Personal information
- Full name: Emma Lovisa Karlsson
- Nationality: Swedish
- Born: 24 May 1995 (age 31) Gothenburg, Sweden

Sailing career
- Sport: Sailing
- Club: Royal Gothenburg Yacht Club
- Class(es): 470, ILCA 6, Europe

Medal record
Women's sailing
Representing Sweden
Olympic Games
| Bronze medal – third place | 2024 Paris | 470 mixed |
European Championships
| Gold medal – first place | 2022 Çeşme | Mixed 470 |
| Gold medal – first place | 2023 Sanremo | Mixed 470 |

= Lovisa Karlsson =

Swedish sailor

Emma Lovisa Karlsson (born 24 May 1995) is a Swedish sailor. She has represented Sweden at the Summer Olympics on two occasions, winning bronze in 2024 mixed470 event, and won the 2022 European Championships in the mixed 470 event.

Karlsson represents the Royal Gothenburg Yacht Club.

==Sailing career==
===2020 Olympics with Bergström===
Lovisa Karlsson, together with Olivia Bergström, qualified to represent Sweden in the 2020 Tokyo Summer Olympics, competing in the women's 470 event and ranking 14th.

===Mixed 470 with Dahlberg (since 2022)===
After the 2020 Summer Olympics and the end of the women's 470 event in the Olympics, Karlsson teamed up with Anton Dahlberg, silver medalist in the men's event in the same Olympics, to campaign for the 2024 Summer Olympics.
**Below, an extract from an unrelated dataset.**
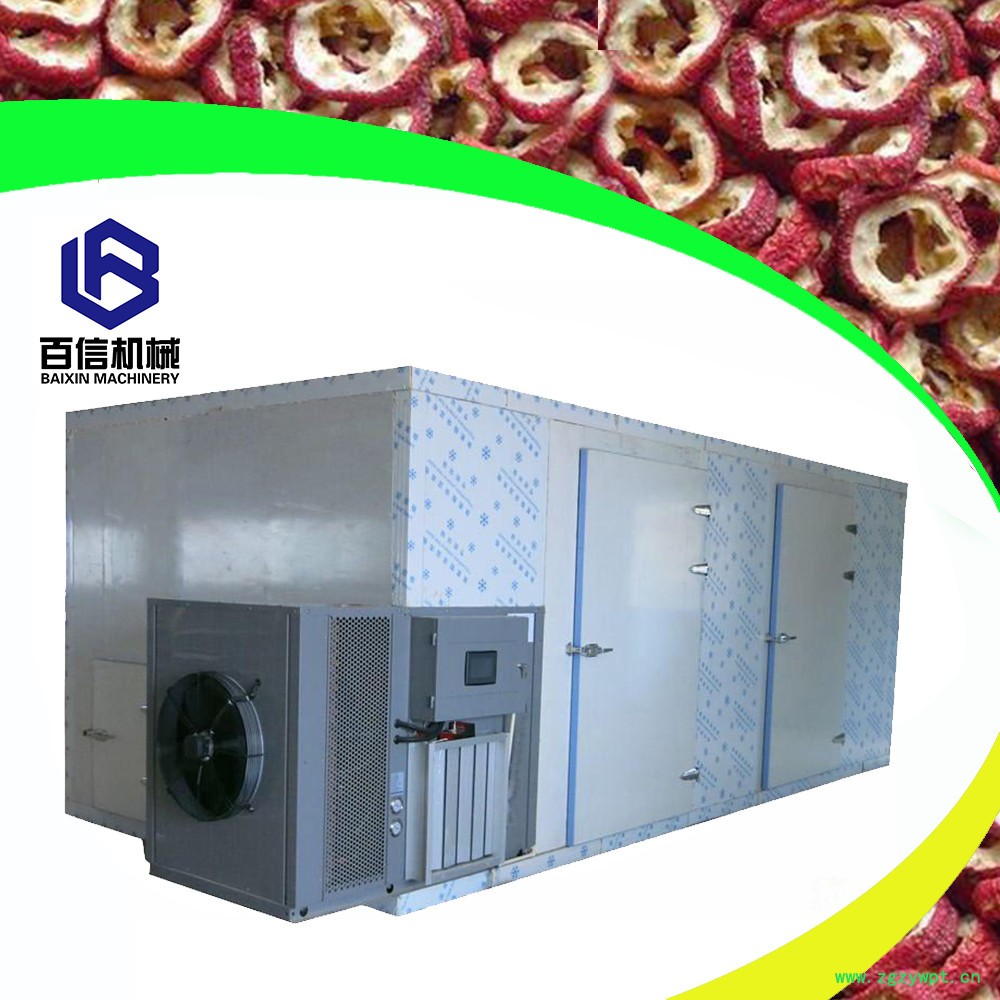 百信山楂片烘干机是一种热量提升装置,空气能热泵烘干机组利用逆卡诺原理,从周围环境中吸取热量,并把它传递给被加热的对象(温度较高的物体),主要应用于食品,药材,木材,农副产品,工业品等的烘干脱水过程。

They made their first regatta together in the 2022 Semaine Olympique Française in Hyères, which they won.

In September 2022, Dahlberg and Karlsson won the 470 European Championships in Çeşme, Turkey. At the 2022 470 World Championship in Sdot Yam a month later, they finished 13th and therefore not qualified for the medal race.
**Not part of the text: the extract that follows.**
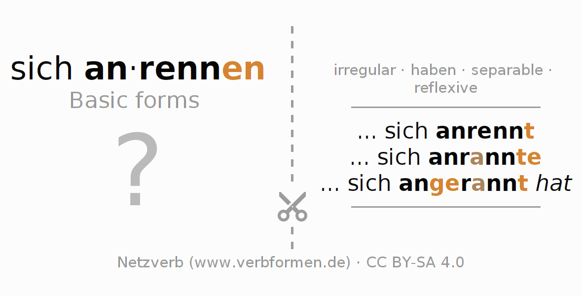 Worksheets are used generally for the conjugation of the verb anrennen in teaching. The materials can be used as Open Educational Resources (OER) for exercises, for games and as Tasks (CC BY-SA 4.0). There are many different types of tasks available for the verb sich anrennen (hat). These are overview sheets with complete conjugation, puzzles and games that require joint learning. The entire educational material is available for free as a PDF download, as pictures and as an interactive browser version. In addition to the tasks, countless examples for anrennen also provide an aid to using the verb.

Dahlberg and Karlsson successfully defended their 470 European Championships title in May 2023 in Sanremo, one point ahead of German crew Anna Markfort and Simon Diesch.

At the 2024 Olympic sailing event in Marseille, Dahlberg and Karlsson were sitting fourth ahead of the medal race in the event, and overtook Spain to win the bronze medal.